Utah’s legislature boosts education across the board

February 27, 2007

Gifted with a surplus of funds due to a good economy, the Utah legislature hiked education spending in almost every category, providing pay increases for teachers, more teachers, more schools, more books, more computers — adding more than $450 million, raising the total state education check to $2.6 billion for elementary and secondary schools.

Much of the increases will be consumed by rising enrollments.

Through much of the 20th century Utah led the nation in educational attainment, but fell in state rankings as population growth accelerated especially through the 1980s and 1990s. The Salt Lake Tribune’s story sardonically noted:

The budget package increases per-pupil spending by more than 8 percent.

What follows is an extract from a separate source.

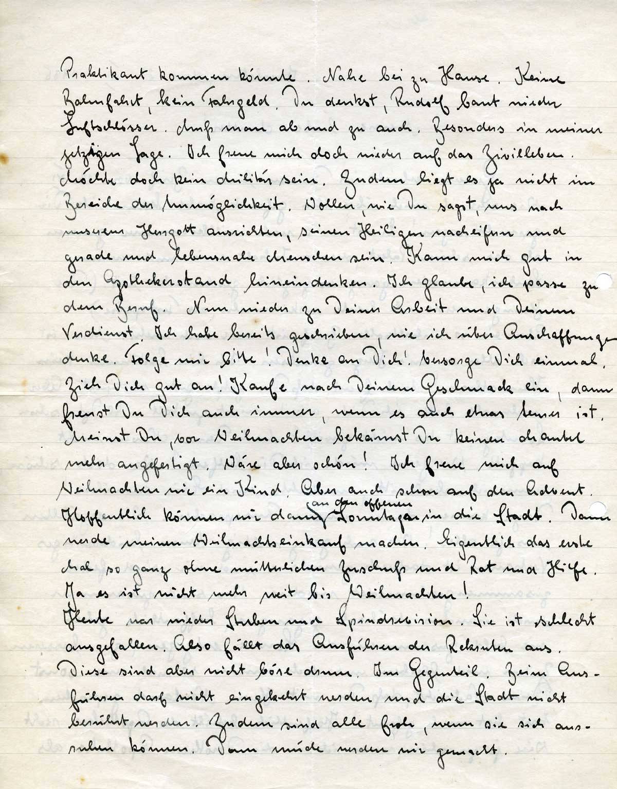 Praktikant kommen könnte. Nahe bei zu Hause. Keine Bahnfahrt, kein Fahrgeld. Du denkst, Rudolf baut wieder Luftschlösser. Muß man ab und zu auch. Besonders in meiner jetzigen Lage. Ich freue mich doch wieder auf das Zivilleben. Möchte doch kein Militär sein. Zudem liegt es ja nicht im Bereiche der Unmöglichkeit. Wollen, wie Du sagst, uns nach unserem Herrgott ausrichten, seinen Heiligen nacheifern und gerade und lebensnahe Menschen sein. Kann mich gut in den Apothekerstand hineindenken. Ich glaube, ich passe zu dem Beruf. Nun wieder zu Deiner Arbeit und Deinem Verdienst. Ich habe bereits geschrieben, wie ich über Anschaffungen denke. Folge mir bitte! Denke an Dich! Versorge Dich einmal. Zieh Dich gut an! Kaufe nach Deinem Geschmack ein, dann freust Du Dich auch immer, wenn es auch etwas teurer ist. Meinst Du, vor Weihnachten bekämst Du keinen Mantel mehr angefertigt. Wäre aber schön! Ich freue mich auf Weihnachten wie ein Kind. Aber auch schon auf den Advent. Hoffentlich können wir dann an den offenen Sonntagen in die Stadt. Dann werde meinen Weihnachtseinkauf machen. Eigentlich das erste Mal so ganz ohne mütterlichen Zuschuß und Rat und Hilfe. Ja es ist nicht mehr weit bis Weihnachten!

But because other states may also boost school funds this year, fiscal analysts can’t yet say whether the new money will move Utah out of last place in the nation in money spent per student.

Classroom size reduction is excluded from the increases, because the legislature thinks earlier appropriations for that purpose were misused, according to the Associated Press story in the Casper (Wyoming) Star-Tribune:

The extra $450 million will have little effect on reducing classroom size, however, because even as Utah hires more teachers, every year brings more students.

Lawmakers said they were withholding money for reducing classroom sizes until legislative auditors can investigate reports that districts misappropriated some of the $800 million dedicated for that purpose since 1992.

Every teacher and librarian should get a $2,500 pay raise and a $1,000, one-time “thank-you” bonus. Starting pay for teachers in Utah averages barely over $26,000 now.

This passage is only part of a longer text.